Rapid critical care diagnostics using label-free imaging cytometry
Remoscope analyzes millions of cells from fresh whole blood within minutes without fixation, staining, or any sample preparation. The remo-ID model learns to collect features across hundreds of images, that are predictive of the patient's physician-adjudicated disease state. We trained these models to distinguish sepsis-positive patients from other critically ill patients in the intensive care unit, as well as from healthy blood donors. The model learns which features are relevant without being told what to look for. When tuned for sepsis rule-out, the model catches 100% of sepsis-positive cases and still achieves 94% specificity.
Sepsis
The red hue shows class-activation — where remo-ID looks when making a call. In these sepsis-positive cases, attention concentrates on abnormal and activated white blood cells. The images shown here are among the highest-confidence positive calls from a few patient samples.
P. falciparum (malaria)
We also trained this type of model to identify malaria (Plasmodium falciparum), which we previously studied using an object detection model called YOGO1. So far, with very little data, the remo-ID attention concentrates on infected red blood cells and overlaps very well with YOGO results. This strengthens our hypothesis that remo-ID is finding disease-predictive features and that extension of the method to many other diseases is possible.
Device and Model
Remoscope is a label-free imaging cytometer that cuts all sample preparation and user training out of the workflow. Fresh whole blood flows through a disposable ultrathin flow cell while millions of cells are imaged in minutes, with on-board compute running end-to-end automation and inference. Here we are able to accurately predict sepsis from just over a hundred images, which can be acquired in seconds.
Quantitative Results
On a small dataset, we were able to train and validate remo-ID models that can distinguish sepsis from other critically ill patients and healthy donors with very high accuracy.Confusion Matrix
| Class | N | F1 | Sens. | Spec. |
|---|---|---|---|---|
| Sepsis+ | 24 | 0.917 | 0.917 | 0.980 |
| ICU-ctrl | 12 | 0.917 | 0.917 | 0.991 |
| Healthy | 88 | 0.989 | 0.989 | 0.972 |
| Macro | 124 | 0.941 | 0.941 | 0.981 |
ROC Curves (One-vs-Rest)
| Comparator | Sens. | Spec. |
|---|---|---|
| vs ICU-ctrl | 100% | 75.0% |
| vs all | 100% | 94.0% |
All three classes are strongly separable, with one-vs-rest AUCs from 0.989 to 0.998. Per-class F1 reaches 0.917 for sepsis and ICU-control and 0.989 for healthy, with a macro F1 of 0.941. Tuned for sepsis rule-out, the model catches every sepsis-positive case at 94% specificity against the combined comparator.

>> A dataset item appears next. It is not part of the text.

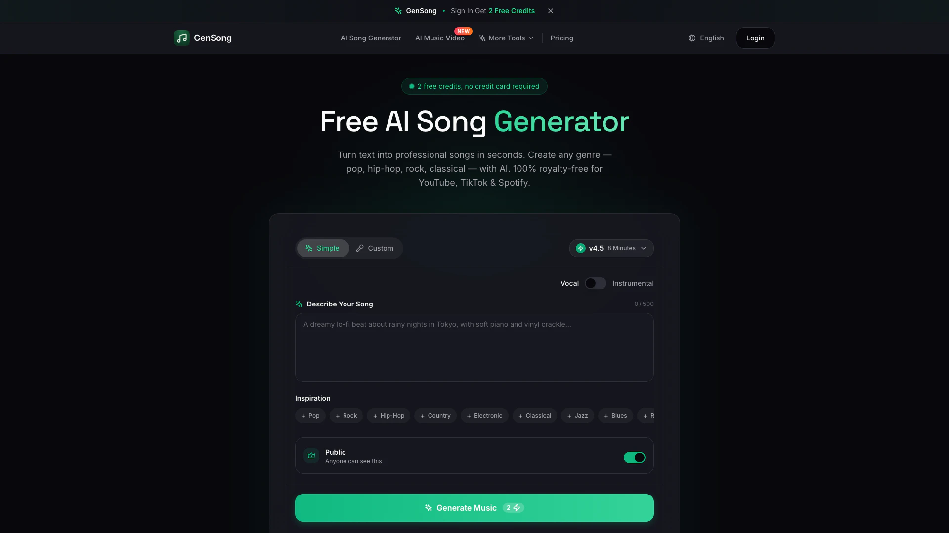Try GenSong for free with 2 generations and 4 songs. Free trial on first sign up. Includes Commercial License and Private Generation.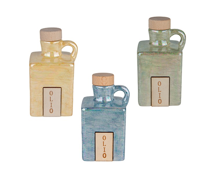 Placca Identificativa: Sul fronte è applicata una placchetta rettangolare coordinata con la scritta calligrafica "OLIO", che facilita l'identificazione del contenuto con eleganza.

remo-Map: Discovery of cell morphology fingerprints
With remo-Map, we analyze millions of cells and send their images through a powerful embedding model to extract their features and separate them by cell type and state.2 As individuals, cells can be distinguished by type and state. As an ensemble, we can discover patient-level patterns occuring due to meaningful shifts in the distribution of cells that correlates well with their state of health.Here we plot millions of cells from the three classes (healthy, sick-icu, and sepsis), projected onto a UMAP via an unsupervised cell embedding. Click to switch back and forth between segmented cell images, and their average densities in log-scaled blue to orange. In sepsis, white blood cells shift darker and more granulated toward a state of activation.
The Remoscope, equipped with remo-Map and remo-ID, has allowed us to discover disease-predictive features in fresh blood samples that are highly amenable to point of care decision-making. This work is part of an ongoing research study, is subject to change as more results emerge, and will be submitted for peer review on completion along with all appropriate documentation and IRB approval for research on human subjects.
References
- Lebel, P. M. et al. Remoscope: a label-free imaging cytometer for malaria diagnostics. Trans. R. Soc. Trop. Med. Hyg. 119, 1100–1111 (2025). https://doi.org/10.1093/trstmh/traf070
- Bratvold, N. et al. Manuscript in preparation (2026).